Brief:
Repeat all of the records word for word, but skip any picture.

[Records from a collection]
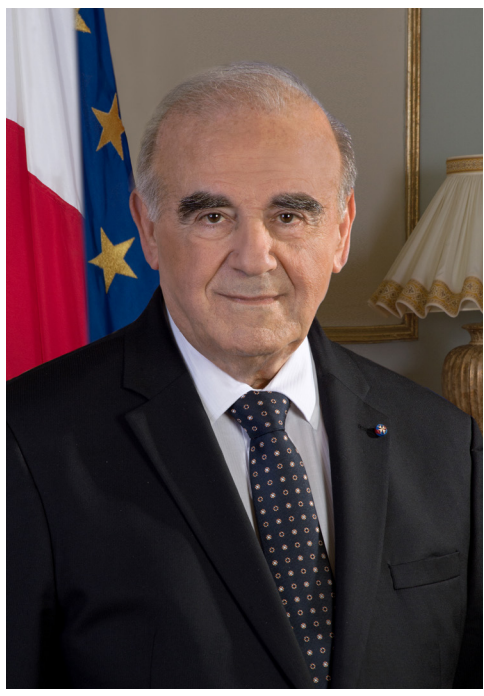
President of Malta

Through participation in the UN Security Council we could work with other Members towards the achievement of peace through
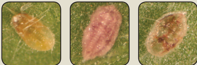
Treated whitefly nymphs
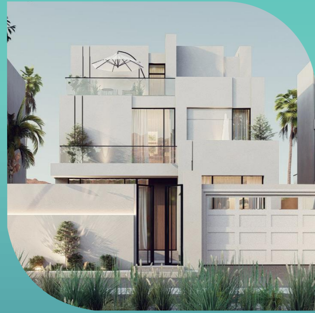
The Garden Villas
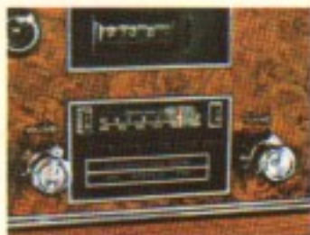
AM/FM/MPX Radio with Quad-8 Tape Player
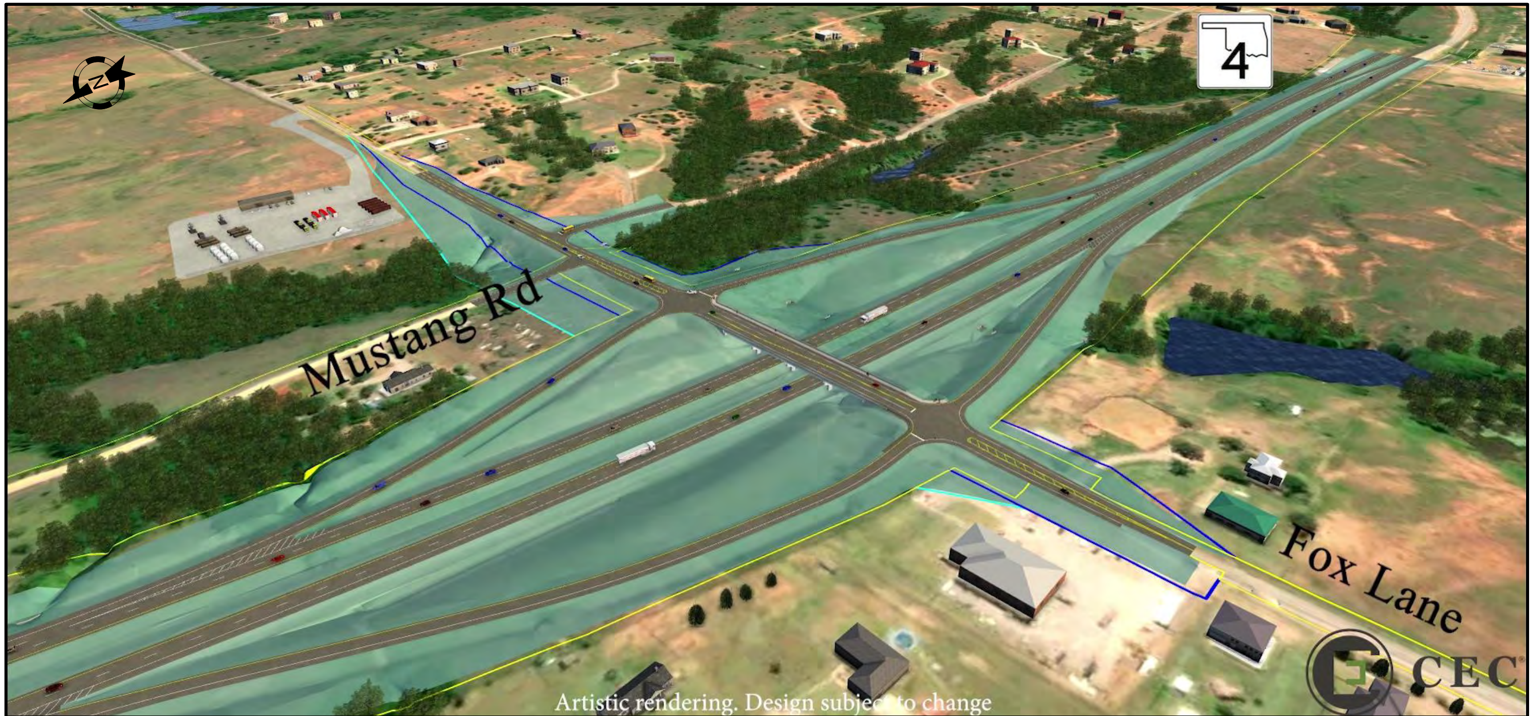
Alternative 3A2: Reconstruct Fox Lane to go over SH-4, and add northbound lanes on SH-4 to achieve a four-lane divided highway.
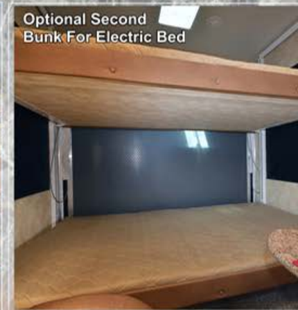
Optional Second Bunk For Electric Bed
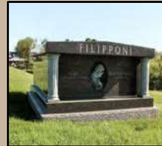
2 CRYPT: FROM $26,000
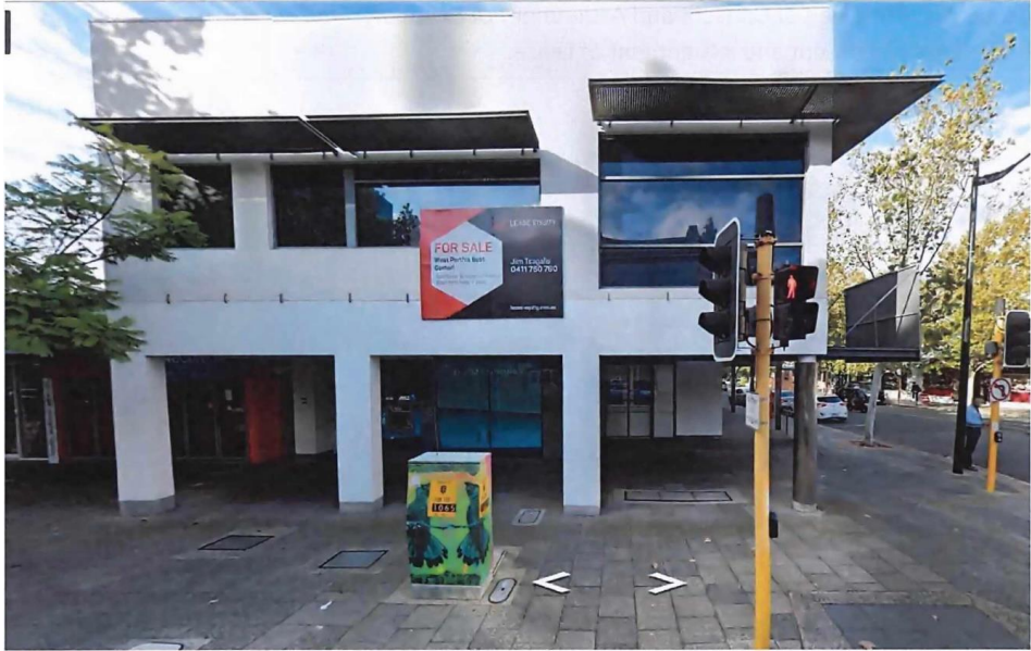
1275 Hay Street – Street View - Colonnade
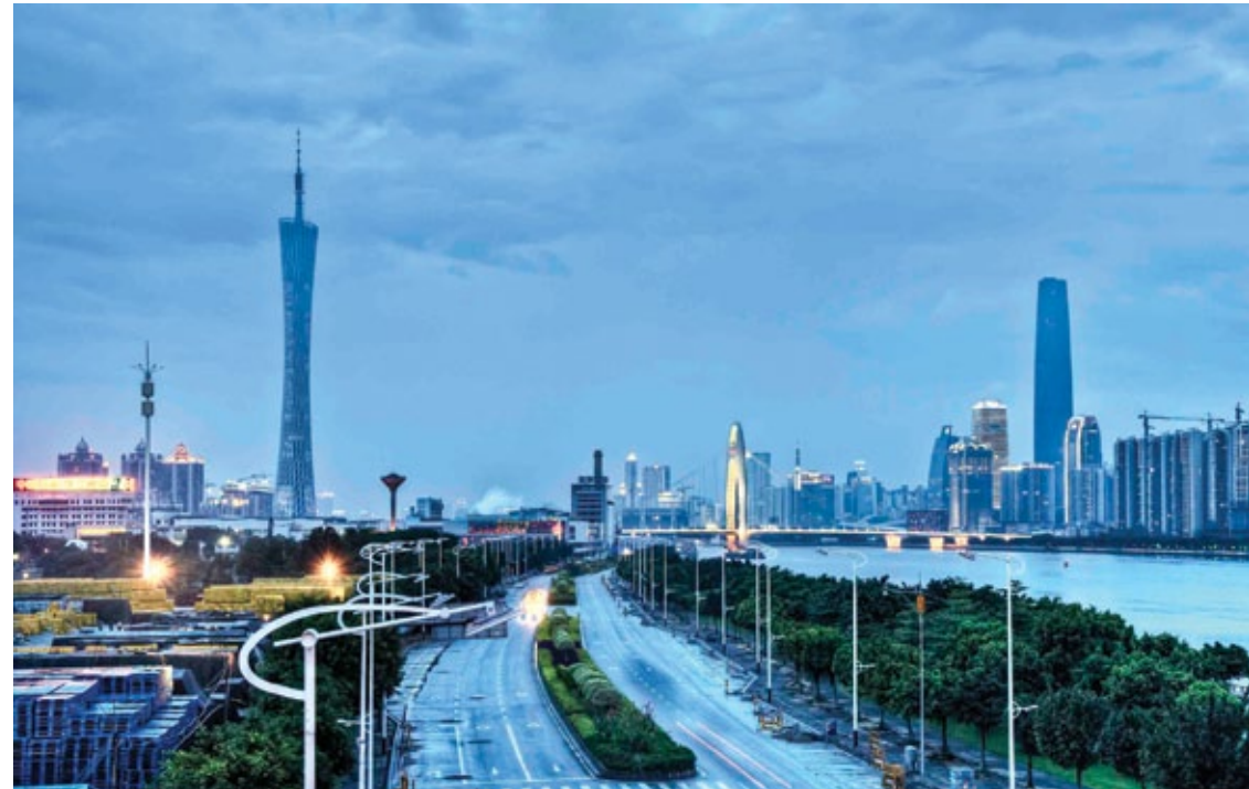
Guangzhou city centre as viewed from Hua'nán bridge.

In February 2012, the Chongqing chief of public security Wang Lijun, who had previously led the 'Strike Black' anti-crime campaign, turned up at the US Consulate in Chengdu for a highly unusual visit. Wang ultimately left the consulate 'on his own volition'. He was ushered off to the capital to undergo what the official media initially described as 'vacation-style therapy' on grounds that he had suffered some kind of nervous collapse brought on by overwork. The spectacle of the
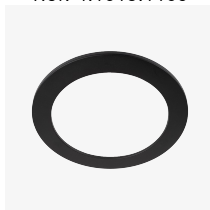
BOSTON 20 Frame Ref. 1.1146.8201
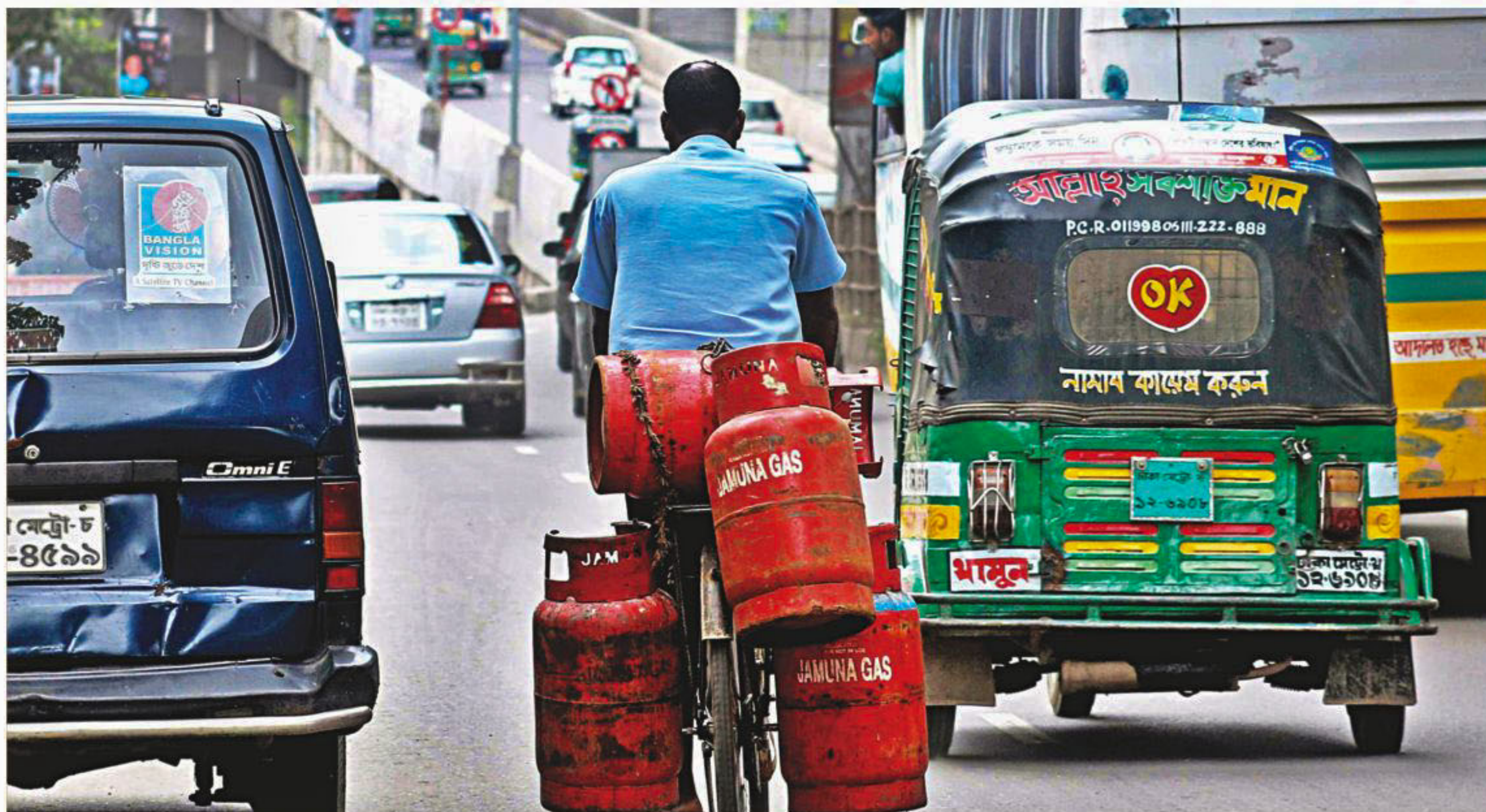
A man carries gas-filled cylinders hanging precariously on the sides and back of his bicycle tied with the help of flimsy chains in the capital's Tejgaon area amid traffic yesterday. This process of delivering the flammable cylinders not only puts the rider at risk but also could trigger a deadly disaster and needs immediate intervention of the authorities concerned to come up with a proper method of transporting these flammable cylinders.
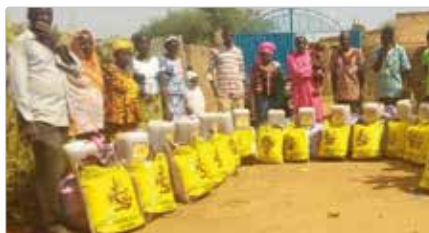
Christians displaced by jihadi violence receive Barnabas-funded food aid

Our project partner said the food aid has encouraged Christians and the church locally to feel part of the bigger Christian family as “they were remembered in their struggle by family members from the UK”.
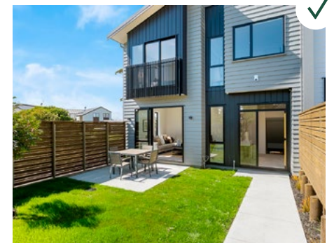
A sunny, private rear yard directly connected to a living room.

Task answer:
President of Malta

Through participation in the UN Security Council we could work with other Members towards the achievement of peace through
Treated whitefly nymphs
The Garden Villas
AM/FM/MPX Radio with Quad-8 Tape Player
Alternative 3A2: Reconstruct Fox Lane to go over SH-4, and add northbound lanes on SH-4 to achieve a four-lane divided highway.
Optional Second Bunk For Electric Bed
2 CRYPT: FROM $26,000
1275 Hay Street – Street View - Colonnade
Guangzhou city centre as viewed from Hua'nán bridge.

In February 2012, the Chongqing chief of public security Wang Lijun, who had previously led the 'Strike Black' anti-crime campaign, turned up at the US Consulate in Chengdu for a highly unusual visit. Wang ultimately left the consulate 'on his own volition'. He was ushered off to the capital to undergo what the official media initially described as 'vacation-style therapy' on grounds that he had suffered some kind of nervous collapse brought on by overwork. The spectacle of the
BOSTON 20 Frame Ref. 1.1146.8201
A man carries gas-filled cylinders hanging precariously on the sides and back of his bicycle tied with the help of flimsy chains in the capital's Tejgaon area amid traffic yesterday. This process of delivering the flammable cylinders not only puts the rider at risk but also could trigger a deadly disaster and needs immediate intervention of the authorities concerned to come up with a proper method of transporting these flammable cylinders.
Christians displaced by jihadi violence receive Barnabas-funded food aid

Our project partner said the food aid has encouraged Christians and the church locally to feel part of the bigger Christian family as “they were remembered in their struggle by family members from the UK”.
A sunny, private rear yard directly connected to a living room.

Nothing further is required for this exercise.